Collected material -
-----

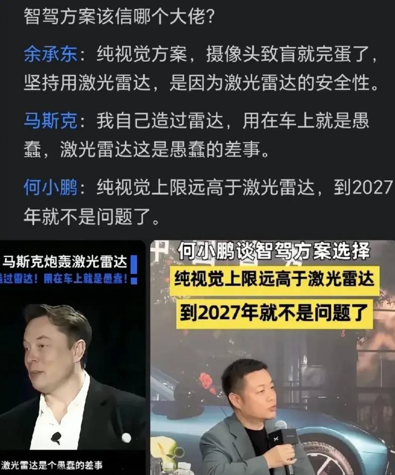 马斯克和何小鹏都支持纯视觉方案,余承东支持激光雷达,就好比蝙蝠比小鸟更不容易撞墙
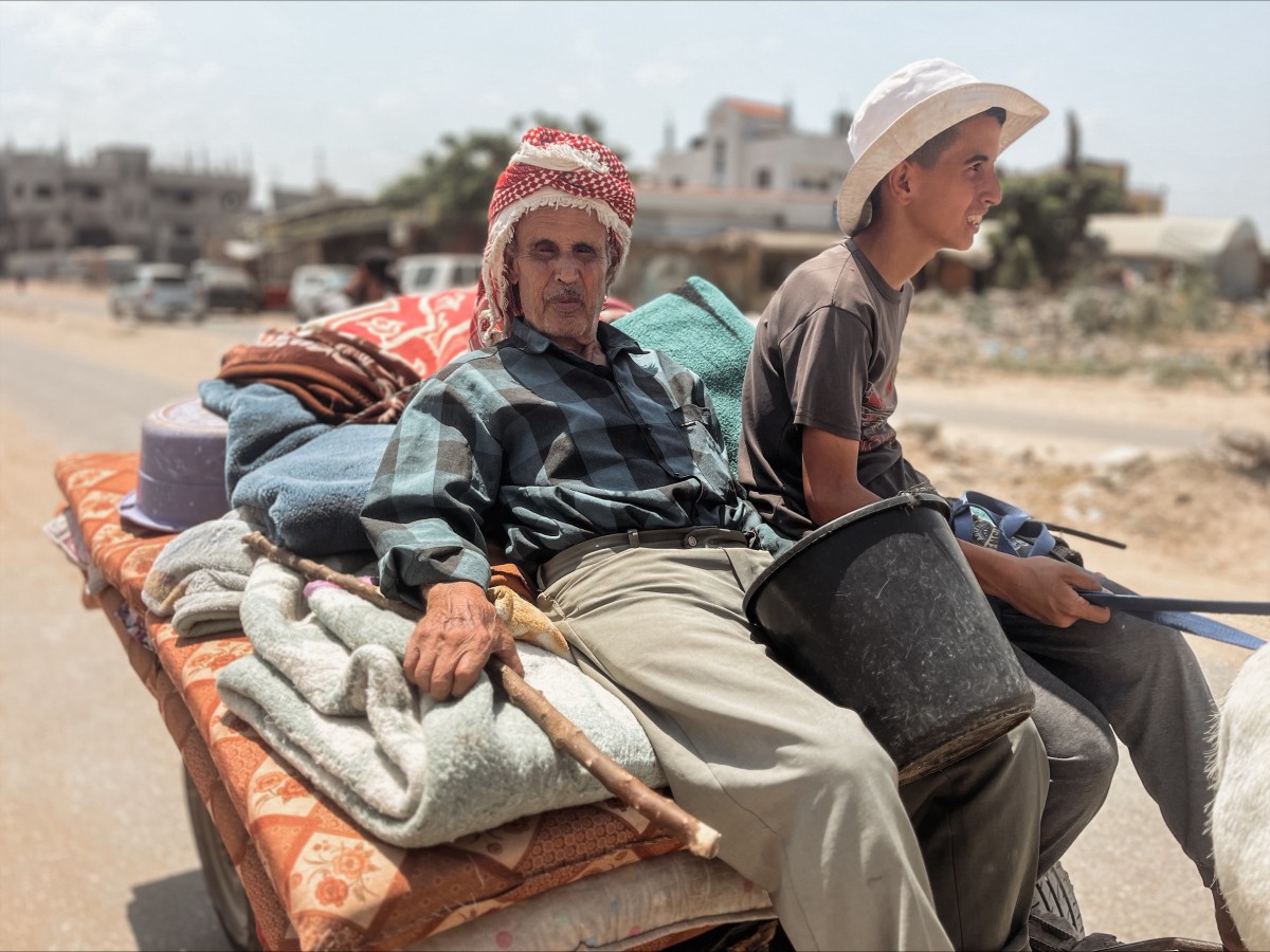 A family displaced from Al-Maghazi camp after Israel issued evacuation orders. They are pictured with a number of their belongings on a wagon. Photo by Younis.
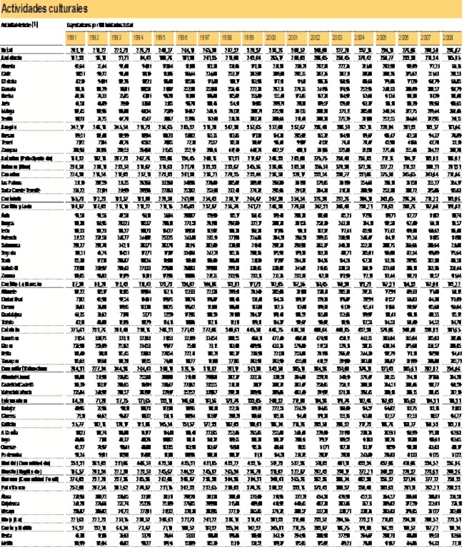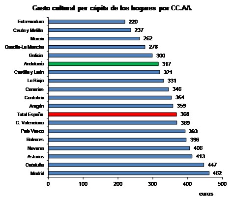 65. Andalucía, por debajo de la media nacional en gasto en cultura per cápita de los hogares.
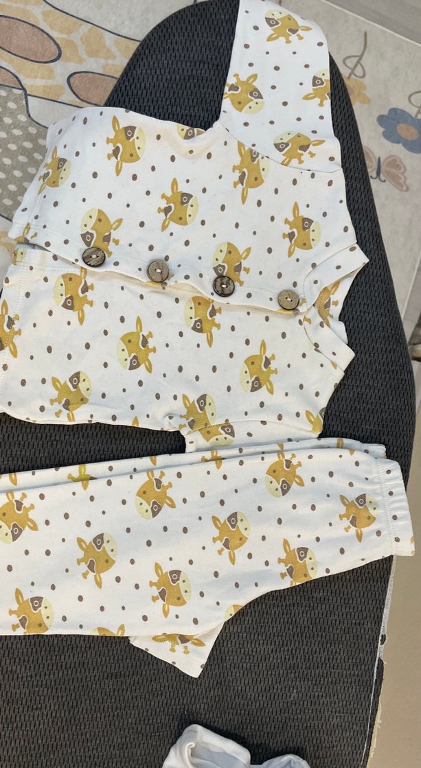 Bebek erkek takımı kısa kollu, düğmeli V yakalı ve baskılı desenlidir. Beyaz ve gri tonlarda, yumuşak sentetik kumaştan üretilmiştir.

-----

Your task - Restate the listing word for word, pictures omitted.

Written response -
 马斯克和何小鹏都支持纯视觉方案,余承东支持激光雷达,就好比蝙蝠比小鸟更不容易撞墙
 A family displaced from Al-Maghazi camp after Israel issued evacuation orders. They are pictured with a number of their belongings on a wagon. Photo by Younis.
 65. Andalucía, por debajo de la media nacional en gasto en cultura per cápita de los hogares.
 Bebek erkek takımı kısa kollu, düğmeli V yakalı ve baskılı desenlidir. Beyaz ve gri tonlarda, yumuşak sentetik kumaştan üretilmiştir.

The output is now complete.